======== DATA EXTRACT

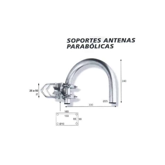 Soporte de parabólica para mástil o pared tipo U.
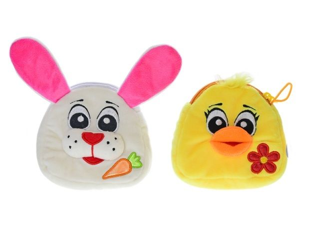 Plyšová peněženka na zip ve tvaru zajíčka a kuřátka o velikosti 12x10cm. Do takové peněženky si budou děti rády spořit. Díky malému poutku u zipu je možné peněženku přidělat na klíče nebo k popruhu. Vhodné pro děti od narození.
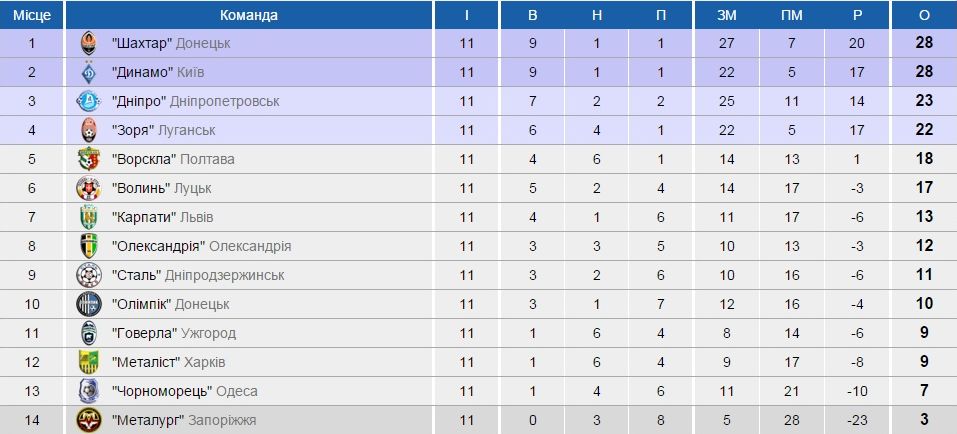 После одиннадцатого тура украинской Премьер-лиги в чемпионате сменился лидер - турнирную таблицу возглавил "Шахтер".
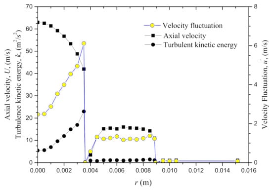 The burner geometry data and boundary conditions used for the simulations are shown in Table 1. It should be noted that the jet velocity, co-flow velocity, pilot velocity, and temperature in the experiment were in a range [42]. For example, the jet bulk velocity, the pilot bulk velocity, and the air co-flow velocity in the experiment were 49.6 2, 11.4 0.5, and 0.6 0.05 m/s, respectively, and these data for the velocity inputs were averaged as 49.7, 12.3, and 0.8 m/s, respectively, from the profiles. The pilot temperature in the experiment was 1880 50 K, while the setting was 1880 K. The profiles for the jet, pilot, and co-flow with the average values, shown in Table 1, were used in the simulation, and these settings, of course, induced different predictions with the experiments. The profiles for the boundary conditions of the average velocity and its fluctuations [42,43], as well as the turbulent kinetic energy [43], are shown in Figure 2. The turbulent dissipation rate ε and the specific dissipation rate used for the turbulence models could be estimated from the average and the fluctuations.

================

▶ TASK INSTRUCTIONS
Exactly as written, reproduce the lines from the beginning of the material through the line with "После одиннадцатого тура", and skip any picture.

▶ TASK RESULT
 Soporte de parabólica para mástil o pared tipo U.
 Plyšová peněženka na zip ve tvaru zajíčka a kuřátka o velikosti 12x10cm. Do takové peněženky si budou děti rády spořit. Díky malému poutku u zipu je možné peněženku přidělat na klíče nebo k popruhu. Vhodné pro děti od narození.
 После одиннадцатого тура украинской Премьер-лиги в чемпионате сменился лидер - турнирную таблицу возглавил "Шахтер".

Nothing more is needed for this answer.